Link to: [Hilbert Spaces](https://en.wikipedia.org/wiki/Hilbert_space).
Prereq of reading this part is to understand the adjoin of vectors's dot product, see more: [[Complex Inner Product]]
**Example**
> When the hilbert space is $\mathbb{R}^n$, and the opearor is a real matrix, then the adjoint of matrix $A$ is $A^T$.

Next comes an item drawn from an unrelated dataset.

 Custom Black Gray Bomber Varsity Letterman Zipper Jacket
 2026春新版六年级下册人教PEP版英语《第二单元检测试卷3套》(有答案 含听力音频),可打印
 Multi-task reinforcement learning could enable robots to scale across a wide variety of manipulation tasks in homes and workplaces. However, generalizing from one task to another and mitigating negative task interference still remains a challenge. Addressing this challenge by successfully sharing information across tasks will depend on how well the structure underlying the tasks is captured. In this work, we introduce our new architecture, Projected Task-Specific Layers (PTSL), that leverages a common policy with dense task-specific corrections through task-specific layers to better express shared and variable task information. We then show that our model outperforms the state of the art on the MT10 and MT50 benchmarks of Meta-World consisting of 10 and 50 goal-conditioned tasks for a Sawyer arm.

> When we are looking at Hilbert space $\mathbb{C}^n$, and the matrix is complex, then the adjoint is the Conjugate Transpose of the matrix, usually denoted using $A^H$. (Order of applying the conjugate or the transpose doesn't matter.)
**Self Adjoint Operator**
The adjoint of the operator is the operator itself. $A = A^*$. When matrix is real, it would be symmetric, when matrix is complex, it would be Hermitian.
---
### **Properties of Adjoin for Matrices**
* It's not hard to get from **(2)** to the following about matrices. Assume that $A\in \mathbb{C}^{m\times n}, B\in \mathbb{C}^{n\times k}$, then the following will be true:
$(AB)^H = B^HA^H$
* Some of the other propertyes of adjoint involves
$A^{-H} = (A^H)^{-1} = (A^{-1})^H$
---
### **Hermitian Matrix**
* The hermitian matrix is forms a self-adjoin Hermitian operator for the complex+ vector space.

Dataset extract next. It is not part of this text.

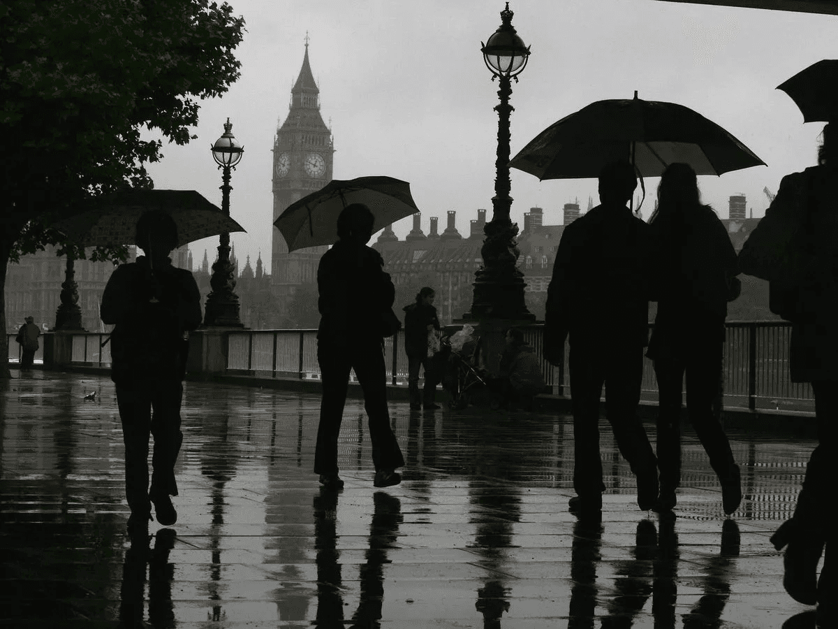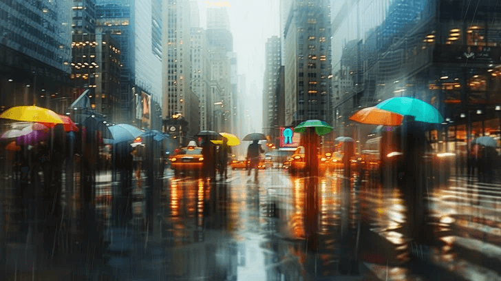 I used blurred pedestrians with umbrellas and a vintage street clock to add a sense of life and guide the viewer’s attention to the midground.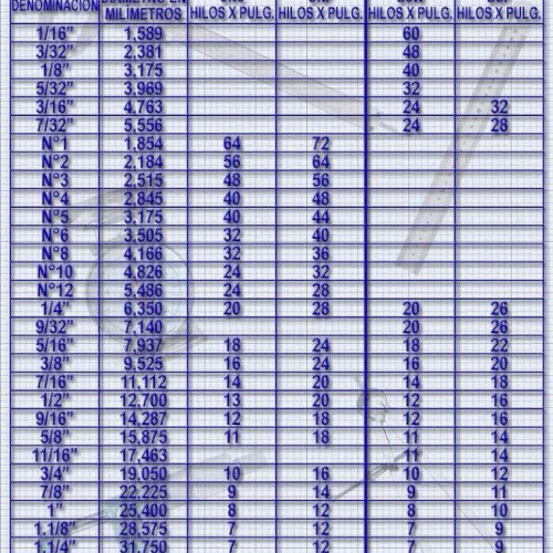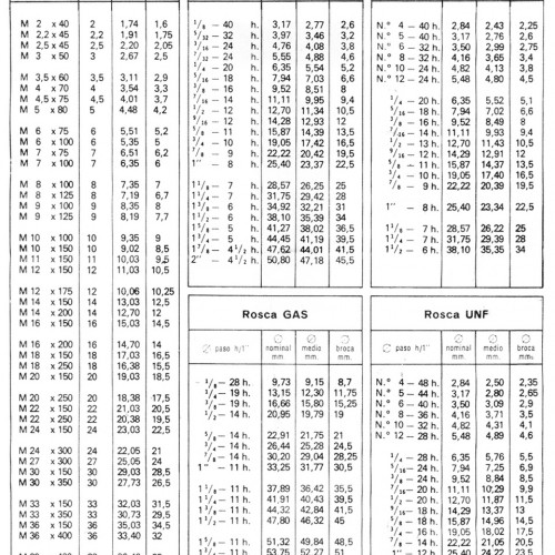 TABLA DE PASOS PARA ROSCAS AMERICANA Y WHITWORTH

* A Hermitian matrix has to be a square matrix, and the Conjugate Transpose of the matrix is simply itself, or it's like:
$A^H = A$
* It is implied that the matrix is a square matrix.
**Properties**:
* Eigen values are real
* Eigen vectors are orthogonal to each other
* It's Diagonalizable
**Theorem**
> Hermitian Product implies communtability
> $(AB)^H = AB \iff AB = BA$
Matrix Commutability is exactly the same as whether the matrix as a product is Hermitian matrix. Now this is obvious and it's demonstrating the property of what we showed in complex vector dot product.
**Proof**
For convenience, we denote Hermitian adjoint as $A^H$ as $A^{T*}$.
$
\begin{aligned}
(AB)^H &= (AB)
\\
\implies
(AB)^{H*}_{i, j} &= (AB)_{j,i}
\\
(AB)^{H}_{i, j} &= (AB)^*_{j,i}
\\
(AB)^{T*} &= (AB)^*_{j, i}
\\
(B^TA^T)_{i, j}^* &= (AB)^*_{j, i}
\\
(BA)_{j, i}^* &= (AB)_{j, i}^*
\\
(BA)_{j, i} &= (AB)_{j, i}
\end{aligned}
$
The process is reversible, hence the relation is iff for the original theorem statement.
---
### **Properties with Proofs**
> Eigen Values of a Hermitian Adjoin is real. (P1)
Assume: $Ax = \lambda x$ and $\lambda \neq 0$
$(Ax)^Hx = (x^HAx)^*$
$
x^HA^Hx = x^HAx = (x^HAx)^*
$
$
\lambda\Vert x\Vert_2^2 = \lambda^*\Vert x\Vert^2_2
$
Which is giving us:
$
\lambda \in \mathbb{R}
$
Because Norm of vector are always real and the conjugate of the eigen values is itself. $\blacksquare$
> A Hermitian Adjoint has Orthogonal Eigen Vectors given that the corresponding eigen values are not and they are different.
Assuming that we have 2 eigen vectors that share distinct eigen values, $Ax = \alpha x$ and $Ay =\beta y$ then consider the following:
$
x^HAy = ((Ay)^Hx)^*
$
$
x^HAy = (y^HAx)^*
$
$
\beta x^Hy = \alpha (y^Hx)^* = \alpha(x^Hy)
$
Using the previous (P1), and the assumption that eigen values are distinct, then it must be the case that $(y^Hx) = 0$. $\blacksquare$
> A Hermitian adjoint is diagonalizable.
Refers to: [[Schur Decomposition]], where it proves the spectral theorem.